The Oscarszzzzzzz

By Tricia Liverpool

The Oscarszzzzzzz

​Congratulations to Eddie Redmayne and Julianne Moore for their recent best actor wins at Sunday’s Oscars. And well done to Birdman for winning best Picture.

I apologise for the title of this blog but the reason for my zzzzs is the older I get the more the Academy Awards is becoming a “snoozesfest” as time and again they signify they are more about PR and savvy marketing than they are about actually rewarding the best in the business.

Take American Sniper for starters which was nominated for Best Film whilst Bradley Cooper got the nod for Best Actor. The film has a Metacritic rating of 72 whilst Selma which scores 89 was only nominated for best film and its lead David Oyelowo wasn’t even nominated despite the early buzz around his performance.

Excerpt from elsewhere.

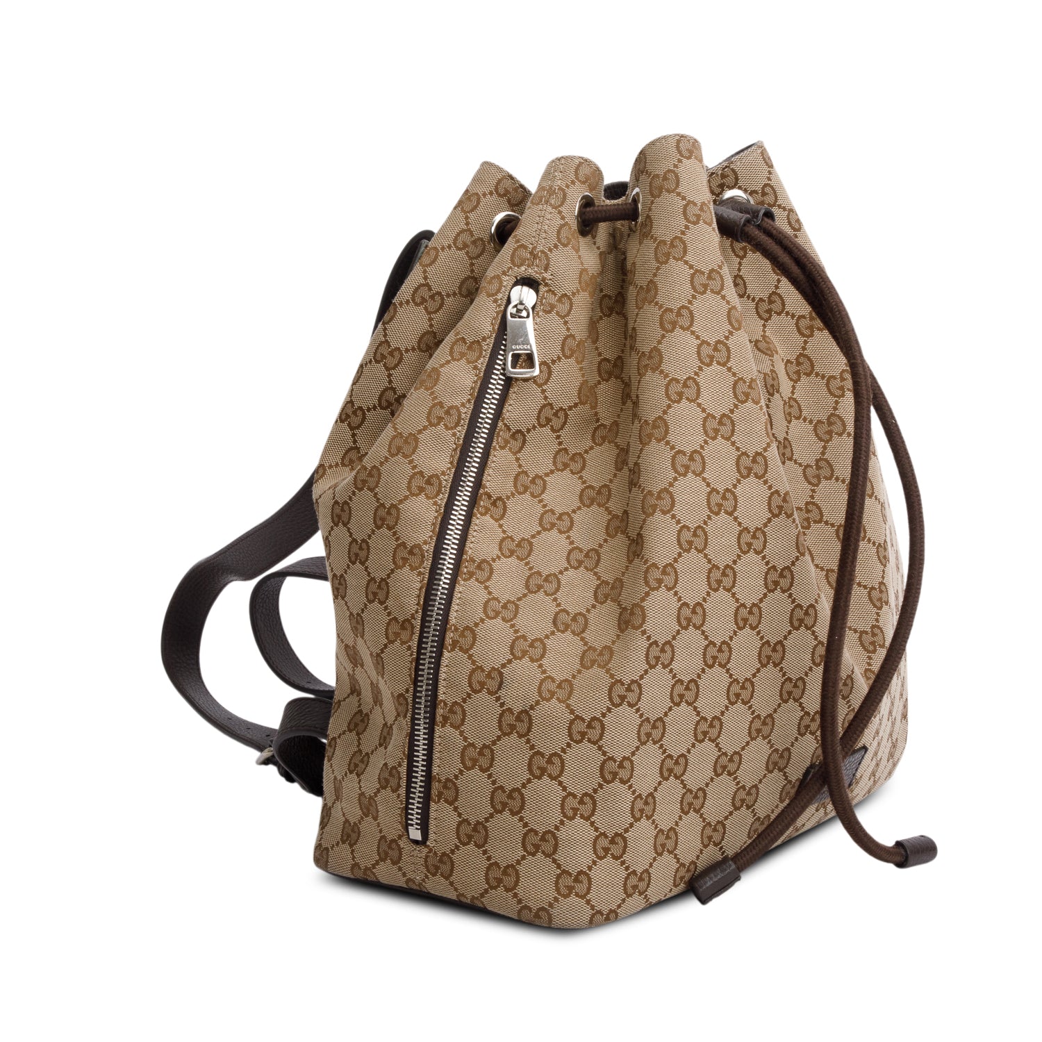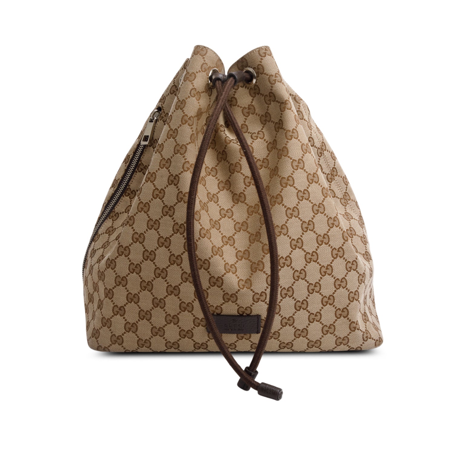 Condition: Very Good; minor scuffing at exterior corners and leather straps; slight creasing at leather straps and pilling at drawstring; clean interior.

Let’s not just use this Oscars as an example as in 1974, Al Pacino and Jack Nicholson were in their prime, and turned in two of the most iconic performances in the history of American cinema–Nicholson as J.J. Gittes in Chinatown, Pacino as Michael Corleone in The Godfather Part II.

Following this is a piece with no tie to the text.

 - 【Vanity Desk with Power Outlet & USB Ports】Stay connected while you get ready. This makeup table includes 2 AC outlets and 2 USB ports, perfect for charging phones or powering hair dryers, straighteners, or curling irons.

Unfortunately it would appear your prime isn’t necessarily a good place to be in the eyes of the Academy. No matter what it says on the statue, most Oscars are at least partially lifetime achievement awards that factor in things like how “due” you are. Neither Nicholson or Pacino won as the award was given to Art Carney for playing an old man on a cross country trip with his cat in a movie called Harry and Tonto

You see, skipping Pacino in 1974 meant that come 1992, he was “due.” So 18 years after the initial screw up, the Academy gave Pacino the Oscar for doing a Yosemite Sam impression in Scent of a Woman. This, in turn screwed over Denzel Washington for Malcolm X, who then had to be given a make-up Oscar in 2001 for his role in Training Day which is arguably one of his least impressive movies.

This raises the important question: Who cares? Why should we feel sorry for Al Pacino? The problem is that as little as they should matter, the actors, writers and directors who make our movies live and die with each Academy decision. It’s why Pacino has shouted every line of dialog since 1992 in an inexplicable Cajun accent.

Similarly Pulp Fiction came out the same year as Shawshank Redemption, regarded by many as the greatest film ever made. Pretty good year for movies, yet neither won Best Picture in 2004–that went to Bob Zemeckis’s Forrest Gump. Gump was a pretty enjoyable film at the time but Pulp Fiction changed the way people made movies for an entire decade. Forrest Gump made sure that people remembered that life is indeed like a box of chocolates.

This is a gentle reminder to you, the discerning reader, that if you treat the Oscars as some sort of authority on what makes a film great, you’re doing it wrong.